There had been another boiler explosion in Maryborough earlier that year (in which a third Molloy brother had been killed).
This lead to an official enquiry which resulted in regulations being put in place about the operation of boilers and licensing those who could operate them.
Details from the cemetery records also reveal other accidents including such descriptions as “accidentally killed by log” and “injuries at Cootharaba sawmill”.
Other men who died may also have had work-related conditions including “rupture of intestines” which may have been an untreated hernia condition aggravated by heavy manual labour.
Not only was it dangerous for the working men but also the children – one ten-year-old boy was killed after his left leg was torn from his body by a timber wagon.
RV: Can you describe the tramways and how they would have transported logs to the mill from the hinterland?
KM: The company built over four miles of tramway inland from the mill to bring the giant logs in from the forest.
The tramway was built on raised earthen mounds through the swamp, enabling teams to work continuously, even in wet weather, bringing logs out of the forest to the nearest point on the tramway.
Logs were loaded onto carts using a winch on a trolley, anchored to the tramway sleepers.
Horses pulled the carts, each carrying a four ton log, down a steady gradient to the mill on the lake shore.
RV: What sorts of trees did they cut down and how tall or old would they have been? Are there any left?
KM: The timber that they were felling was what today we would call “old growth forests”; they would have been growing for centuries.
They were focussed on the softwood species of trees including red cedar, white cedar, cypress and kauri pines. One worker described the majesty of the forests in 1883 in a letter back to England – “Anyone who has not seen the Australian scrub can have no idea of its grandeur; the timber seems endless….”.
Of course the timber wasn’t endless and there are no trees of the size they were cutting down left anywhere in the district today.
RV: How was the timber transported from the mill to other towns?
KM: At first the timber planks were transported to the Gympie goldfields by bullock dray along the Cootharaba Road.
This was not very successful due to the rough road and the steepness of some sections.
They built a wharf beside the mill so they could load the timber onto punts.
The partners designed and built flat-bottomed paddle-wheel boats called droghers to tow the punts of sawn timber from the mill, through Lake Cootharaba and Lake Cooroibah to Colloy, near Tewantin.

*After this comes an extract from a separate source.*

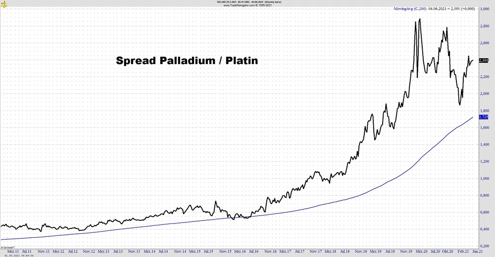 Mit der Bekanntgabe Chinas gegen eine „exzessive“ Rohstoff-Spekulation vorzugehen startete die Volksrepublik einen weiteren Versuch, verbal auf die drohende Inflation einzuwirken. Aufgrund seiner Bedeutung als Industrie-Metall hat sich Platin im Vergleich zu den anderen Metallen deutlich schwächer entwickelt. Für zusätzliche Belastung könnte die angebliche Positionsauflösungen eines Spread Trades Long Platin versus Short Palladium gesorgt haben. Bereits in der Vergangenheit führten Spread Trades zu teilweise massiven Kursbewegungen. Auf dem Weg nach unten stellt die 1.150-Dollar-Marke aktuelle eine wichtige Unterstützung dar.

They also bought the steamer – the Culgoa – to transport the timber out over the Noosa River bar and down to South Brisbane where they also set up an office and another mill in the mid-1870s.
The owners, McGhie, Luya and Co, distributed and sold their timber from their timber yard in South Brisbane (which was located close to today’s Goodwill Bridge).
They often had full page advertisements in the Post Office Directory (the Yellow Pages of the day) of various timber products including doors, window sashes, joinery, mouldings and architraves.
Most of the timber from Cootharaba would have serviced the Brisbane market, and a lot of the timber would likely be found throughout old Queenslander houses and public buildings in Brisbane even today.